I have to believe that every little puff of cotton plucked from that field some fifty-odd years ago would've preferred to spend its days gently supporting Marilyn Monroe's milky white bosom—or what ever blond bombshell was alive at the time—rather than being crushed under the weight of a thousand dirty felons.

And who could argue that the canvas holding in this bastard's bowels wouldn't have had a more meaningful life as part of a tent in some traveling circus. Every night, a different town flapping high above the Flying Zambonis? And maybe if the poor beast's plastic skin had been molded into ergonomic incense holders for some yoga studio rather than stretched into a suffocating sheath, this monstrosity might not be so eager to watch me die.

And if I wasn't warehoused in this cage for twelve years for a botched suicide attempt I almost certainly would've never cut one of its brethren to shreds in search of a few more minutes of sleep.

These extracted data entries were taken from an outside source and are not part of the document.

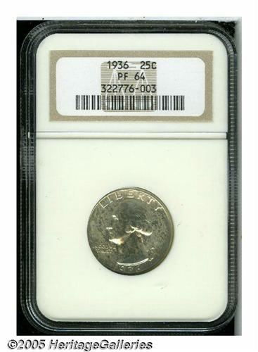 <B>1936<25C> PR64 NGC.</B></I> Dappled golden-tan and cream-gray colors confirm the originality of this exquisitely struck and undisturbed Choice first year proof Quarter.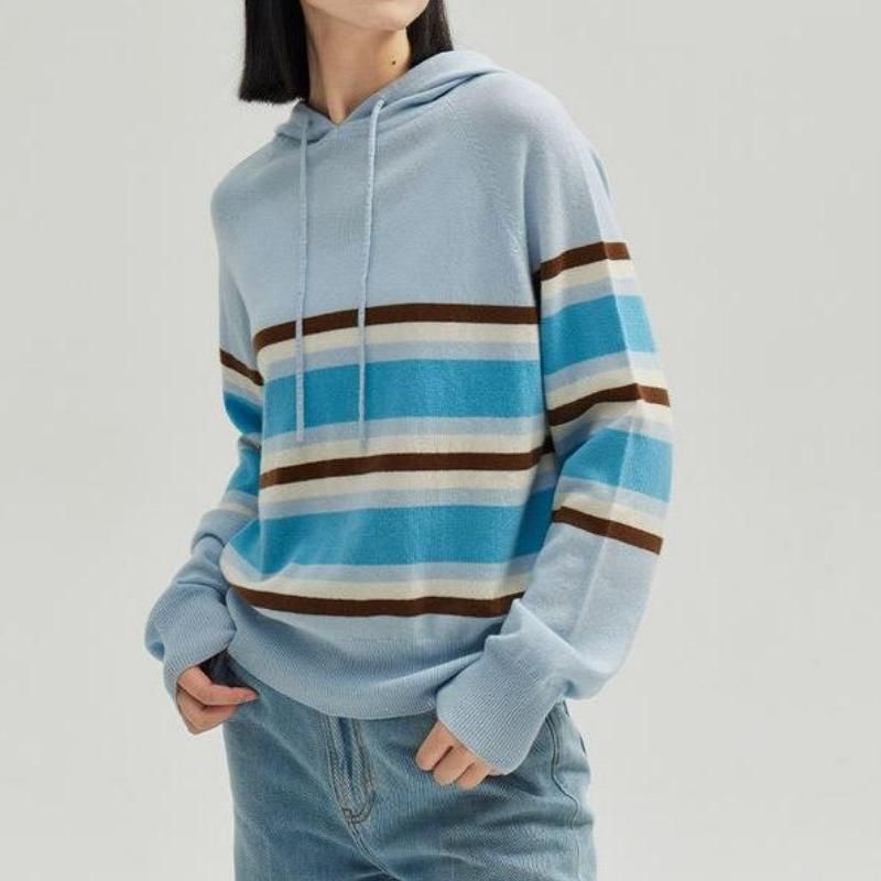 Striped Hooded Blue Sweater
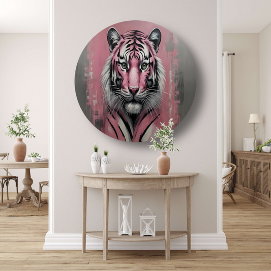 Abstracte Tijger in Roze en Zwart aluminium muurcirkel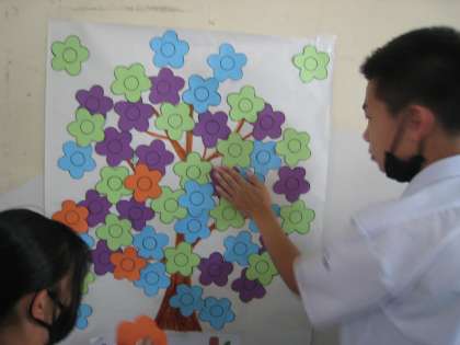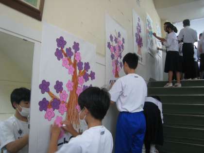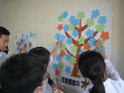 1学年生徒会では、6月から三週間、授業に対する取り組み方をチェックする「凡事徹底ライフ」という活動を行っていました。今日はその結果を掲示しました。各項目について、○のついた数の分、花が咲きます。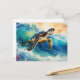 Postal Tortuga de mar cabalgando una acuarela de ola vibr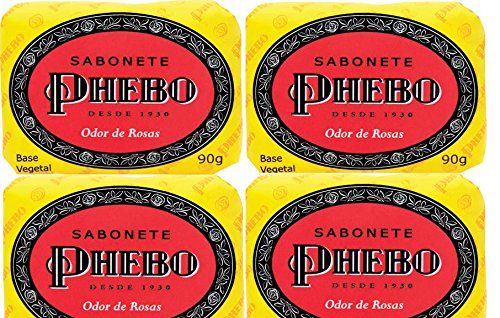 -. Title : Phebo Body Soap - Odor of Roses - 3.1oz | Sabonete Barra Odor de Rosas Phebo - 90g (pack of 4)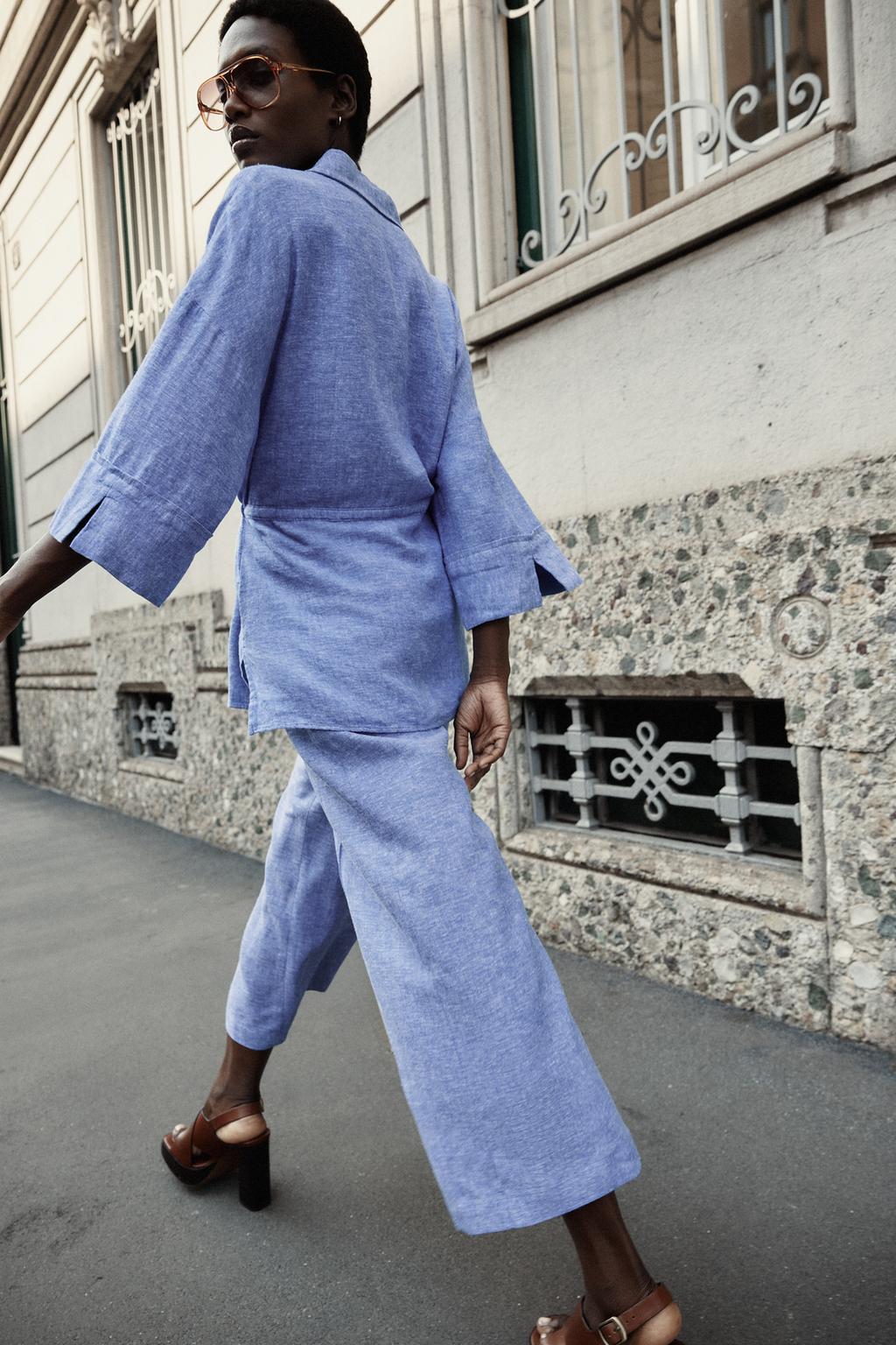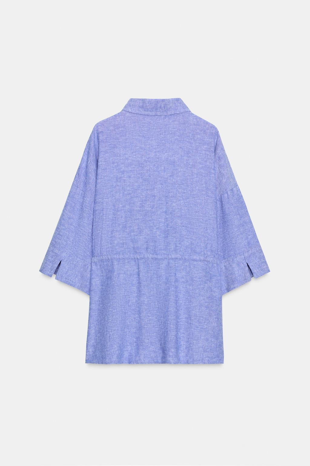 Shirt made of a linen blend. Featuring a lapel collar and a v-neckline. Sleeves below the elbow. Adjustable drawstring waist. Hem with side vents. Front button fastening.

And as I'm yanked back from the edge of sleep by gravity, as my heads snaps back to an upright position, I realize that questioning the nature of fate does little to change the fact that your mattress is trying to kill you.

I write this last will and testament through bloodshot eyes locked in a small concrete room. My own personal bunker. If you find my bones, twisted and unrecognizable, spread across a faded green mattress, do what you will with my effects, but make sure you leave before nightfall. And if you ever spot one of these institutional mattresses outside of your house after a phantom ring of the doorbell, lurking behind the dumpster on your walk home from work, or peering out at you from a darkened closet, you run as fast as you can.

I've got five years left in my sentence. Five more years to find a weakness or call a truce. I will not survive otherwise. Whatever happens to me, stay vigilant, practice sleeping on the floor, and treat your mattress with respect. One day soon their kind could rule the world.

Wish me luck.

I'm just gonna rest my eyes for a minute.